Re: advice on diagnosing Spark stall for 1.5hr out of 3.5hr job?

2015-02-04 Thread Imran Rashid
Hi Michael,

judging from the logs, it seems that those tasks are just working a really
long time.  If you have long running tasks, then you wouldn't expect the
driver to output anything while those tasks are working.
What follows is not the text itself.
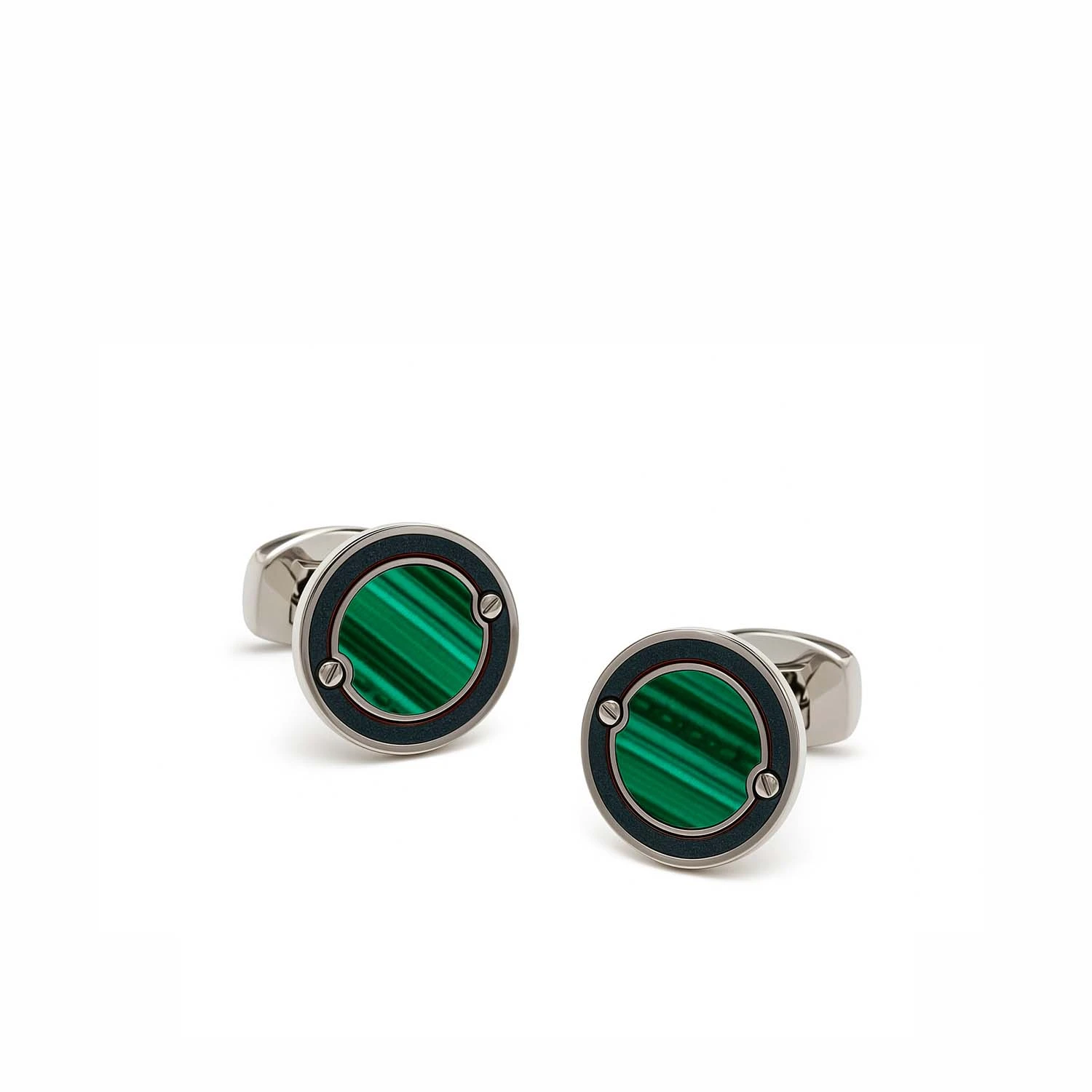 Стильные запонки «England Made Me» выполнены из серебра 925 пробы с покрытием из белого и чёрного родия. Круглая вставка из натурального малахита придаёт аксессуару выразительность, глубину и изысканную элегантность.

What is unusual is that there is no activity during all that time the tasks
are executing.  Are you sure you are looking at the activity of the
executors (the nodes that are actually running the tasks), and not the
activity of the driver node (the node where your main program lives, but
that doesn't do any of the distributed computation)?  It would be perfectly
normal for the driver node to be idle while all the executors were busy
with long running tasks.

I would look at:
(a) the cpu usage etc. of the executor nodes during those long running tasks
(b) the thread dumps of the executors during those long running tasks
(available via the UI under the Executors tab, or just log into the boxes
and run jstack).  Ideally this will point out a hotspot in your code that
is making these tasks take so long.  (Or perhaps it'll point out what is
going on in spark internals that is so slow)
(c) the summary metrics for the long running stage, when it finally
finishes (also available in the UI, under the Stages tab).  You will get
a breakdown of how much time is spent in various phases of the tasks, how
much data is read, etc., which can help you figure out why tasks are slow


Hopefully this will help you find out what is taking so long.  If you find
out the executors really arent' doing anything during these really long
tasks, it would be great to find that out, and maybe get some more info for
a bug report.

Imran


On Tue, Feb 3, 2015 at 6:18 PM, Michael Albert 
m_albert...@yahoo.com.invalid wrote:

 Greetings!

 First, my sincere thanks to all who have given me advice.
 Following previous discussion, I've rearranged my code to try to keep the
 partitions to more manageable sizes.
 Thanks to all who commented.

 At the moment, the input set I'm trying to work with is about 90GB (avro
 parquet format).

 When I run on a reasonable chunk of the data (say half) things work
 reasonably.

 On the full data, the spark process stalls.
 That is, for about 1.5 hours out of a 3.5 hour run, I see no activity.
 No cpu usage, no error message, no network activity.
 It just seems to sits there.
 The messages bracketing the stall are shown below.

 Any advice on how to diagnose this?
 I don't get any error messages.
 The spark UI says that it is running a stage, but it makes no discernible
 progress.
 Ganglia shows no CPU usage or network activity.
 When I shell into the worker nodes there are no filled disks or other
 obvious problems.

 How can I discern what Spark is waiting for?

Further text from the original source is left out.